It can view the room as a compartment containing air. If we let $x\left(t\right)$ denote the amount of carbon monoxide in the room at a time t, we can determine the concentration of carbon monoxide in the room by dividing $x\left(t\right)$by the volume of the room at a time t. one uses the mathematical model described by the following equation to solve for x(t),

$\frac{dx}{dt}=$Input rate – Output rate      ......................(1)                                                             

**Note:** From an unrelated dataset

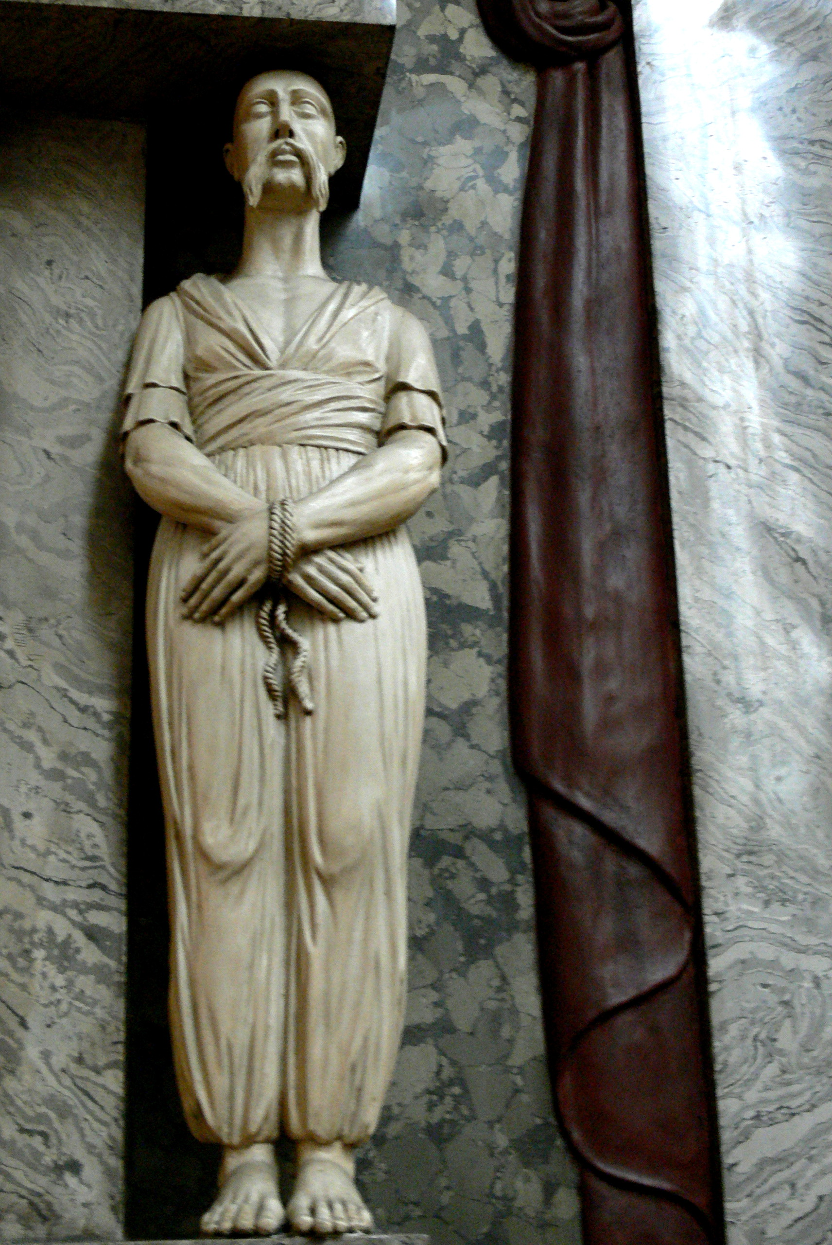 Vienna. Church of the Maltese Order: Monument for grand master Jean Parisot de la Valette ( 1806 ) - Statues of captive turcs.

The dimensions of the room are 12 ft by 8 ft by 8 ft. So, the volume of the room is $\left(12ft\right)·\left(8ft\right)·\left(8ft\right)=768f{t}^3$

We are given that at t = 0 fresh air containing no carbon monoxide is blown into the room at a rate of $100f{t}^3/min$. So, one concludes that the input rate of carbon monoxide in the room is,

$\left(100f{t}^3/min\right)·\left(0\right)=0$

We are given that the air in the room flows out through a vent at the same rate as it is blown into the room i.e., $100f{t}^3/min$. So, one concludes that the output rate of carbon monoxide from the room is,

$\left(100\right)·\frac{x\left(t\right)}{768}=\frac{25·x\left(t\right)}{192}$ 

The air initially contained 3% carbon monoxide. So,

 $$\begin{gathered} \frac{x\left(0\right)}{768}=3\% \\ \frac{x\left(0\right)}{768}=\frac{3}{100} \\ x\left(0\right)=\frac{\left(768\right)\left(3\right)}{100} \\ x\left(0\right)=23.04 \end{gathered}$$

So, one set the initial value $x\left(0\right)=23.04$.

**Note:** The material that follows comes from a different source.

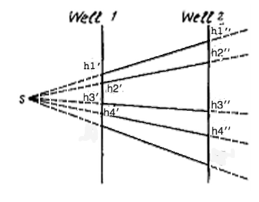 Haites perspective correlation

Substituting the input and output rates from step 3 and step 4 into the equation (1), one will get the following initial value problem as a mathematical model for the mixing problem,

 i.e., $\frac{dx}{dt}=0-\frac{25x\left(t\right)}{192},x\left(0\right)=23.04$

 i.e; $\frac{dx}{dt}+\frac{25x\left(t\right)}{192}=0,x\left(0\right)=23.04$

The differential equation obtained in step 4 is

  $\frac{dx}{dt}+\frac{25x\left(t\right)}{192}=0$                                                                                   …… (2)

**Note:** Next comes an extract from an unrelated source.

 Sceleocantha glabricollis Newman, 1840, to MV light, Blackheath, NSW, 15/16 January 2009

Integrating factor, I.F.= $e^{\int \frac{25}{192}dt}=e^{\frac{25}{192}t}$.

Multiplying both sides of equation (2) by $e^{\frac{25}{192}t}$,

$$\begin{gathered} e^{\frac{25}{192}t}·\frac{dx}{dt}+e^{\frac{25}{192}t}·\frac{25·x\left(t\right)}{192}=0 \\ \frac{d}{dt}\left(x{e}^{\frac{25}{192}t}\right)=0 \end{gathered}$$

Now, integrating both sides,

 $x·e^{\frac{25}{192}t}=C$     

where C is an arbitrary constant.

  $x=C{e}^{-\frac{25}{192}t}$                                                                                                      …… (3)

At  t=0, x=23.04    

Therefore, from equation (3),

 $C=23.04$

Substituting this value of C in equation (3),

 $x=\left(23.04\right)e^{-\frac{25}{192}t}$

So, the amount of carbon monoxide in the room after the time, t min is                                                 $x\left(t\right)=\left(23.04\right)e^{-\frac{25}{192}t}$                                      

Firstly, we will find the amount of 0.01% of carbon monoxide by multiplying 0.01% by the volume of the room,

$\left(\frac{0.01}{100}\right)\left(768\right)=0.0768$ 

 Substituting this value of $x\left(t\right)=0.0768$in equation (4),

$$\begin{gathered} 0.0768=\left(23.04\right)e^{-\frac{25}{192}t} \\ {e}^{\frac{25}{192}t}=\frac{23.04}{0.0768} \\ {e}^{\frac{25}{192}t}=300 \\ \frac{25}{192}t=ln300 \\ t=\frac{\left(192\right)ln300}{25} \\ t=43.8min \end{gathered}$$ 

Hence, the amount of carbon monoxide in the air will reach 0.01% after 43.8 min.